Auto-read agent subtitles with TTS

Two ways to wire this up — pick one:

// (a) VoiceModule's autoSpeakSubtitles: speakSubtitle(text) reads if true.
const voice = new VoiceModule({ tts: {...}, autoSpeakSubtitles: true });
agent.on('subtitle', (text) => {
  dddk.subtitle.show({ text, type: 'agent' });
  void voice.speakSubtitle(text);
});

// (b) subtitle.setTTSProvider — fires for EVERY subtitle.show() automatically.
import { createWebSpeechTTSProvider } from '$lib/tts-provider';
dddk.subtitle.setTTSProvider(createWebSpeechTTSProvider());

User presses Escape mid-speech → TTS stops via the host's own handler (the bundled provider exposes tts.stop()).

Voice cleanup prompt

A single language-agnostic prompt — the LLM detects the input language from the transcript itself and replies in the same language(s):

You are a speech-to-text post-processor. The input is a raw transcript.

- Detect the language(s) and reply in the same language(s).
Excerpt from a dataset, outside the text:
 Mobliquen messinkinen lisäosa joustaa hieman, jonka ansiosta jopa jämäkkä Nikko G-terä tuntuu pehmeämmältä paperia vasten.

Preserve code-switching.
- Add correct punctuation and capitalisation.
- Remove fillers ("um", "uh", "you know", "like", "I mean", and equivalents in other languages).
- Fix obvious homophone / mishear errors when context makes them obvious.
- Do NOT rewrite or interpret — preserve the user's meaning verbatim.
- Reply with the cleaned text only. No prefix, no explanation.
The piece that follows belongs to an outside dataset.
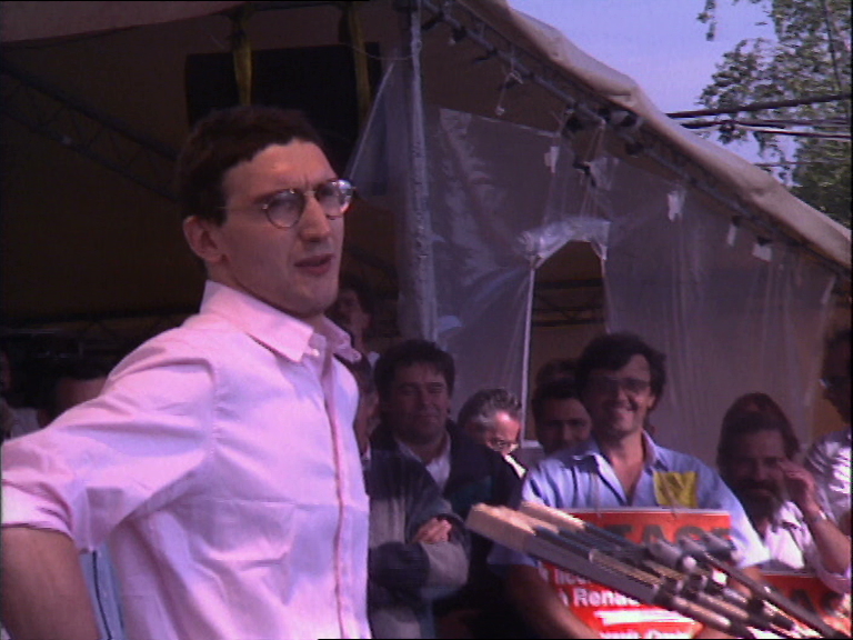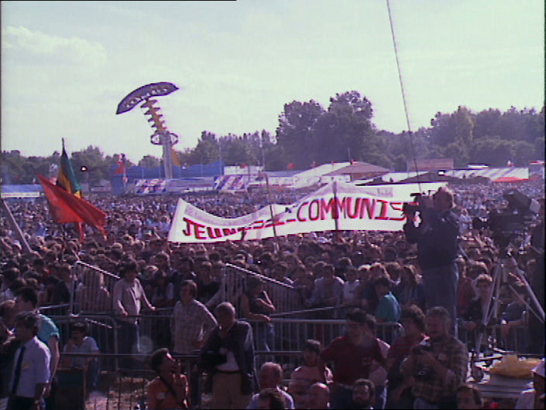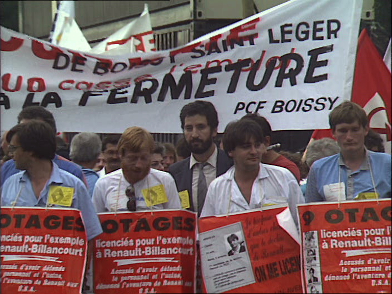 Les premières images montrent André Lajoinie discuter dans les allées de la Fête. On aperçoit brièvement le cinéaste René Vautier, habillé en bleu, devant la grande scène, puis les syndicalistes de Renault licenciés et connus comme les 9 de Renault, puis les 10 de Renault ou 10 de Billancourt. Les banderoles qu'ils arborent exigent la "réintégration de Claude Jacquelin et des 9 otages".

Override with VoiceConfig.cleanupPrompt if you need domain-specific terminology preserved (product names, code identifiers).
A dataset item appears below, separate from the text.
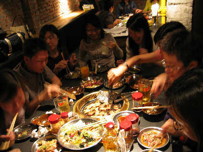 八點一到,一位高帥的工作人員拿起喇叭開始炒氣氛,首先是一一介紹今晚有哪些客人是因為慶祝哪些特別的事件而來乾杯吃飯,有的人是升官—經理升協理,有的人是找了三年工作終於找到開始上班了,有的人是追了三年餘的女人終於追到手了,只有我們這桌有壽星,有兩個本月的壽星喔,我舉起手來跟大家揮揮手。這時候我的神智已經有點不清楚了,有點擔心還沒開始吃肉就要倒一邊去了!

Custom STT (transcribe callback)

Web Speech doesn't work everywhere (Firefox, some embedded webviews) and isn't always the best quality. Pass transcribe(audioBlob, opts) to plug in any STT vendor — the SDK records audio via MediaRecorder and hands the result to your callback:

new VoiceModule({
  stt: {
    transcribe: async (audio, { language, mimeType }) => {
      // Send audio to your endpoint, return the transcript.
      const fd = new FormData();
      fd.append('audio', audio, `clip.${mimeType.split('/')[1]}`);
      fd.append('lang', language);
      const res = await fetch('/api/stt', { method: 'POST', body: fd });
      const { text } = await res.json();
      return text;
    },
    transcribeMode: 'fallback', // or 'always' to never use Web Speech
  },
});

Common targets: OpenAI Whisper, Gemini audio input, Azure Speech, Deepgram, AssemblyAI, self-hosted whisper.cpp.

Not supported (explicit v0.1 boundaries)

  • Continuous-conversation mode (interrupt-the-agent style)
  • Multi-speaker diarisation
  • Real-time speech translation — use ImmersiveTranslate for page-wide translation instead
  • Custom wake words (Space is the canonical gesture)

Privacy

  • Default STT is Web Speech — audio is processed by the browser's STT vendor (Chrome/Edge sends to Google's STT endpoint; Safari processes locally on newer macOS / iOS).
  • The mic only opens when the user actively long-presses Space — no continuous listening.
  • Mic permission is governed by the browser; dotdotduck never bypasses it.
  • Cloud STT via transcribe is opt-in and runs through the host's own endpoint — dotdotduck doesn't ship a vendor SDK.

Verify it works

After mounting new DotDotDuck({ voice: { ... } }):

  1. Press and hold Space on a non-input element → the subtitle bar should show "Listening — release to stop" within ~150 ms.
  2. Speak a short sentence, release Space → indicator changes to "Processing…".
  3. If cleanupWithLLM is on, the cleaned text appears as either an agent task or a subtitle suggestion.
  4. If nothing fires, open DevTools and check for a voice.error event — Web Speech requires HTTPS and the right language code (e.g. zh-TW, not zh-Hant-TW).